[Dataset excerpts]
----------------------------------------

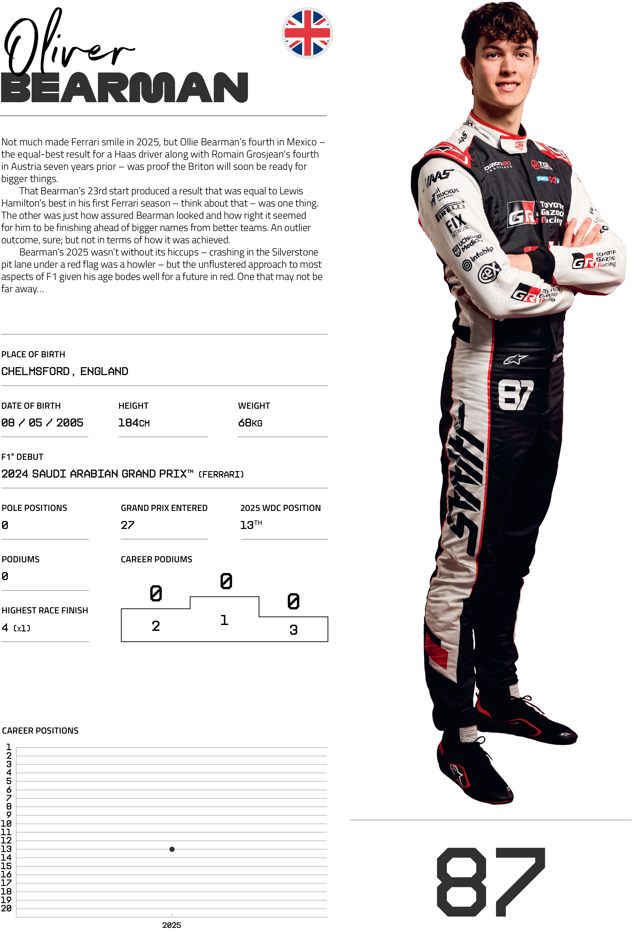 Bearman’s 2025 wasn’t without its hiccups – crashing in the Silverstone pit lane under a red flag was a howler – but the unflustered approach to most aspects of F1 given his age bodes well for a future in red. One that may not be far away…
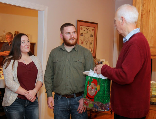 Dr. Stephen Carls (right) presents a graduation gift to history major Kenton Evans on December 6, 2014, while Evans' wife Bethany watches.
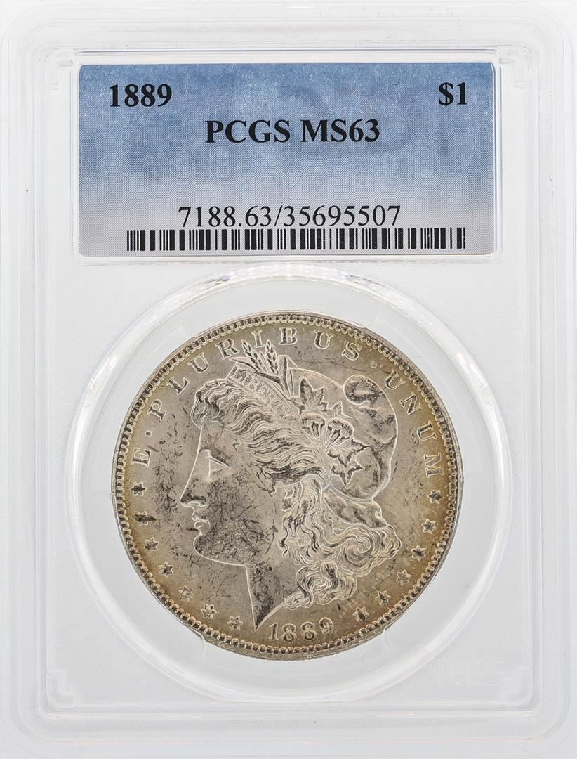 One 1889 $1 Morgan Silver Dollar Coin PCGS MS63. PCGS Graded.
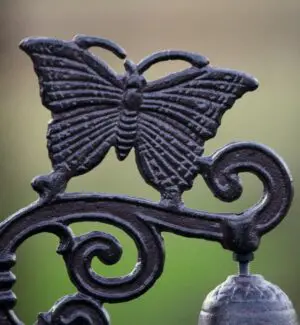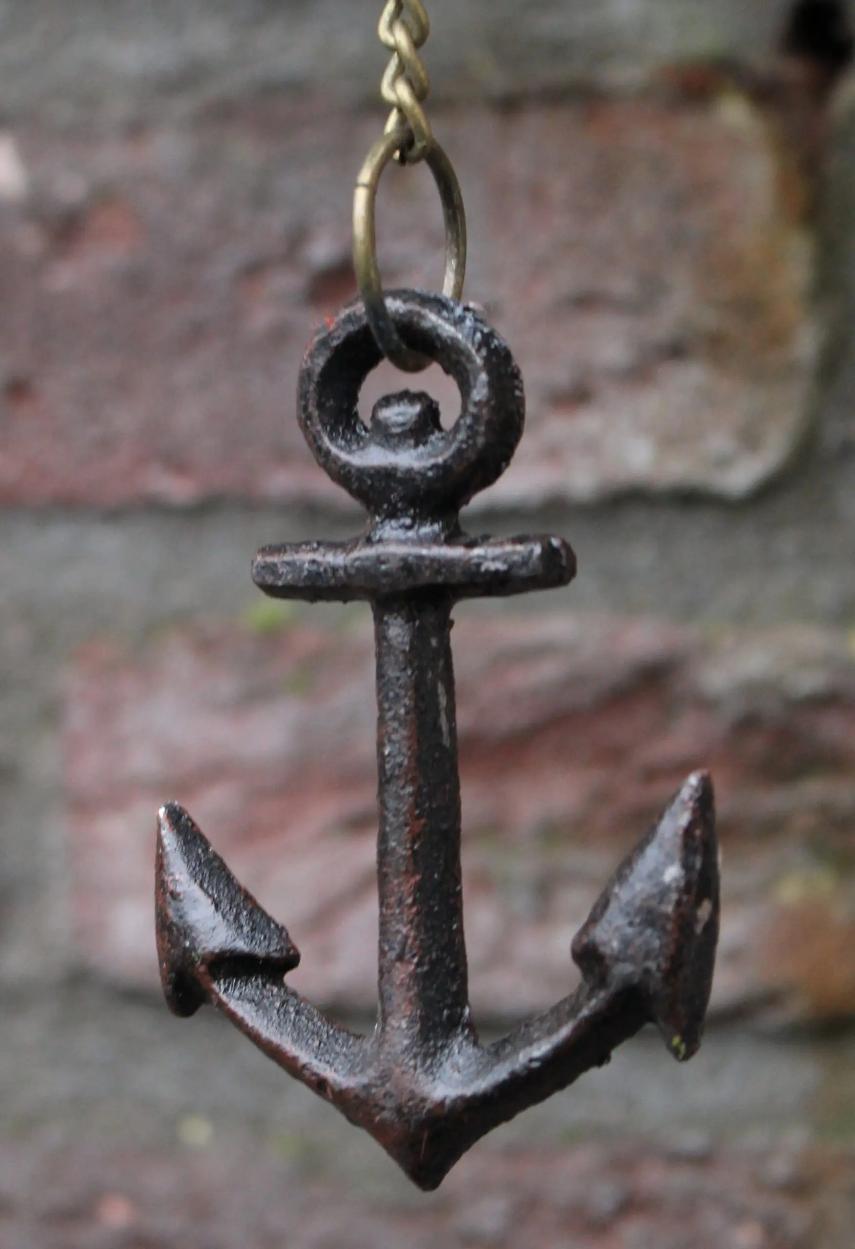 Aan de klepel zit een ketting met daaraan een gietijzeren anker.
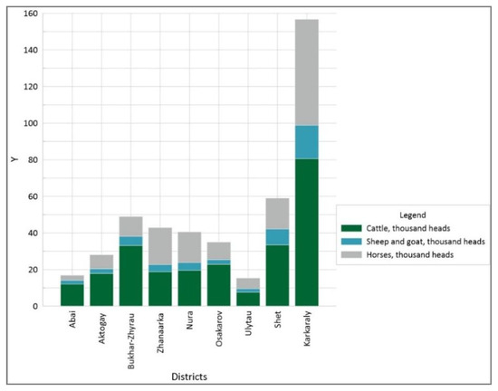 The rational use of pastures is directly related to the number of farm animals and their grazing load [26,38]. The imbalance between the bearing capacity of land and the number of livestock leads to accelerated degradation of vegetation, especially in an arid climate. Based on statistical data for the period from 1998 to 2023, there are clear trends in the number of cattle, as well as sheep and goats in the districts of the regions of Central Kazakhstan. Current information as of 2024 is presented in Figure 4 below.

----------------------------------------

Work required:
All that should be returned is the run of lines from the start of the entries above to the line bearing "Aan de klepel", each exact, with pictures omitted.

Solution to this task:
 Bearman’s 2025 wasn’t without its hiccups – crashing in the Silverstone pit lane under a red flag was a howler – but the unflustered approach to most aspects of F1 given his age bodes well for a future in red. One that may not be far away…
 Dr. Stephen Carls (right) presents a graduation gift to history major Kenton Evans on December 6, 2014, while Evans' wife Bethany watches.
 One 1889 $1 Morgan Silver Dollar Coin PCGS MS63. PCGS Graded.
 Aan de klepel zit een ketting met daaraan een gietijzeren anker.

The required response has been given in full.